THE TASK
Would you print the lines below exactly, beginning at the line that has "Our normal route" and stopping after the line that has "Зимняя атмосфера - прогулка"? Only those lines, and no pictures.

INFORMATION GIVEN
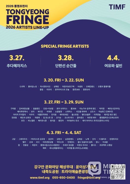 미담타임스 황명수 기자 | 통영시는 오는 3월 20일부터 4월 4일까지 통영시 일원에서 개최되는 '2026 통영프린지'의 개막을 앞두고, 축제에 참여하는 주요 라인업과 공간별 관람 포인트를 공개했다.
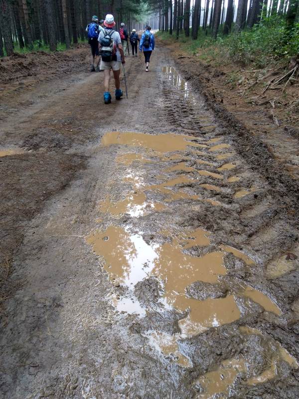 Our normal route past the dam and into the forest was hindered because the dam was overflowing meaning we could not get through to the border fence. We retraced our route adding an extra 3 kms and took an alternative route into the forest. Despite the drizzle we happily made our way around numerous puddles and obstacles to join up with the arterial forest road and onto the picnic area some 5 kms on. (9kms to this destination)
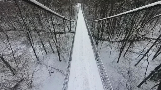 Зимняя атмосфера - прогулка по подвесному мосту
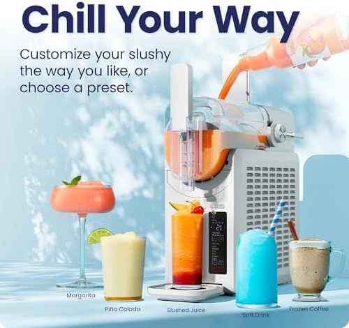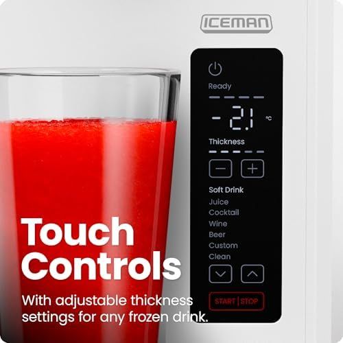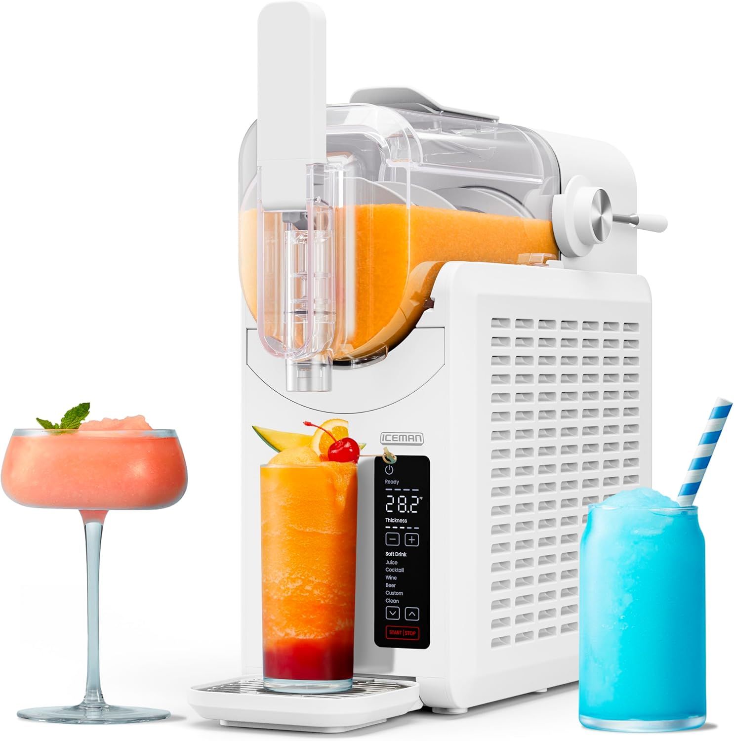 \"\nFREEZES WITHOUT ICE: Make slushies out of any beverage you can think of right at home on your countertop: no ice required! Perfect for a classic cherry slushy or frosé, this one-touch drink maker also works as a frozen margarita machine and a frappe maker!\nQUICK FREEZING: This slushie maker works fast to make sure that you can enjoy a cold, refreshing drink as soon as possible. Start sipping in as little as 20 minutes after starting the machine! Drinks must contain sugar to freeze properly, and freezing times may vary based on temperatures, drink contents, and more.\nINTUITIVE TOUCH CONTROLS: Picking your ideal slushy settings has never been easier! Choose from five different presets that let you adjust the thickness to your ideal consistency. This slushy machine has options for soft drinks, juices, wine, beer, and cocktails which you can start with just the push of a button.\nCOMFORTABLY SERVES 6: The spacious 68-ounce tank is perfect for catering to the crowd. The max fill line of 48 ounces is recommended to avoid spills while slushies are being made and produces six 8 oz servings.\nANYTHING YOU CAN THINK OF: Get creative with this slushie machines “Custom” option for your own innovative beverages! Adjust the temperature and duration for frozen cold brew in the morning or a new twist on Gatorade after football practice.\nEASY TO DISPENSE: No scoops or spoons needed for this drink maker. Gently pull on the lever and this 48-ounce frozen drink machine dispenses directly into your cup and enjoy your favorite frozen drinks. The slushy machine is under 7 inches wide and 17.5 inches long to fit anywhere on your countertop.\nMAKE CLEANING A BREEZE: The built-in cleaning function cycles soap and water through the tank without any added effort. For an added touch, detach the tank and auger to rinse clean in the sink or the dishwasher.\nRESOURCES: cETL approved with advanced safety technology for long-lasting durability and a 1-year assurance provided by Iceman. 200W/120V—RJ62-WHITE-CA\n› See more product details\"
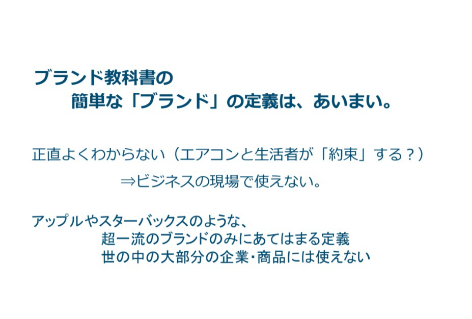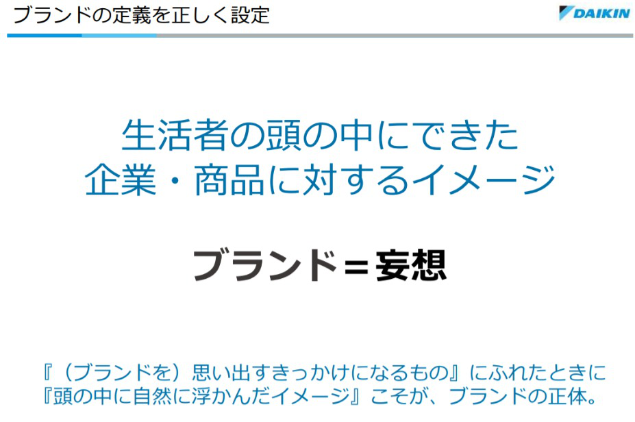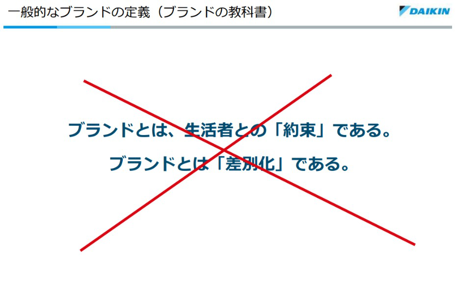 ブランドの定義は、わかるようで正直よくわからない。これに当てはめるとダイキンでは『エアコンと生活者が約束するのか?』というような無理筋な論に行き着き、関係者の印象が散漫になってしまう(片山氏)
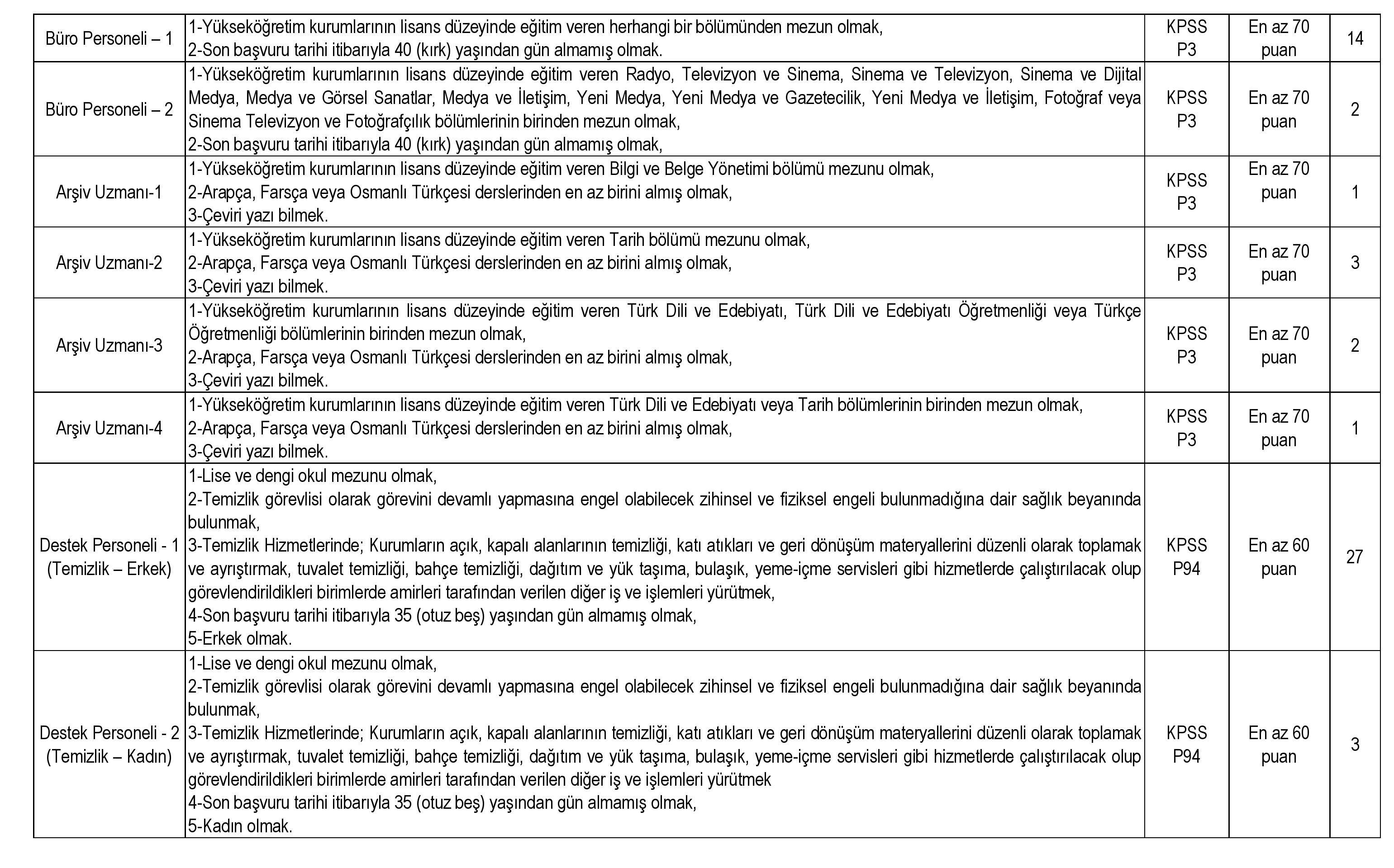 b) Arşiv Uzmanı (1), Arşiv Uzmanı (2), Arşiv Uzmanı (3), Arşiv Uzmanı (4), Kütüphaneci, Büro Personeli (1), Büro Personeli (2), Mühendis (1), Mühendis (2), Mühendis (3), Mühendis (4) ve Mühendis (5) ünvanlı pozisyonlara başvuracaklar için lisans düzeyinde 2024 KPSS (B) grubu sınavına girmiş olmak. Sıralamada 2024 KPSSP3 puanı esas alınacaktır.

...

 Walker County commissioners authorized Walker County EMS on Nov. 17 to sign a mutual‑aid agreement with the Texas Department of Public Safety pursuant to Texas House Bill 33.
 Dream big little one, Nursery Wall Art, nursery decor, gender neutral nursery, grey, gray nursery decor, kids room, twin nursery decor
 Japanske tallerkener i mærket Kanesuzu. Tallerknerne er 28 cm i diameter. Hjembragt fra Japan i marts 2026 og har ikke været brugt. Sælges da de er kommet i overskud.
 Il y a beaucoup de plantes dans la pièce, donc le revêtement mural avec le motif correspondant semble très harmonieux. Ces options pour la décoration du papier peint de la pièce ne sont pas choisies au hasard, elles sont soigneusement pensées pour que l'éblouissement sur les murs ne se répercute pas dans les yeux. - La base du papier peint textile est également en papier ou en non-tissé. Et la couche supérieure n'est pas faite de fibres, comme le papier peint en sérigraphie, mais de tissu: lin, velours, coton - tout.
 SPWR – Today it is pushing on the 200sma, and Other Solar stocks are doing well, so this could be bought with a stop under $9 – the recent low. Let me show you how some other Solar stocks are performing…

RESPONSE
 Our normal route past the dam and into the forest was hindered because the dam was overflowing meaning we could not get through to the border fence. We retraced our route adding an extra 3 kms and took an alternative route into the forest. Despite the drizzle we happily made our way around numerous puddles and obstacles to join up with the arterial forest road and onto the picnic area some 5 kms on. (9kms to this destination)
 Зимняя атмосфера - прогулка по подвесному мосту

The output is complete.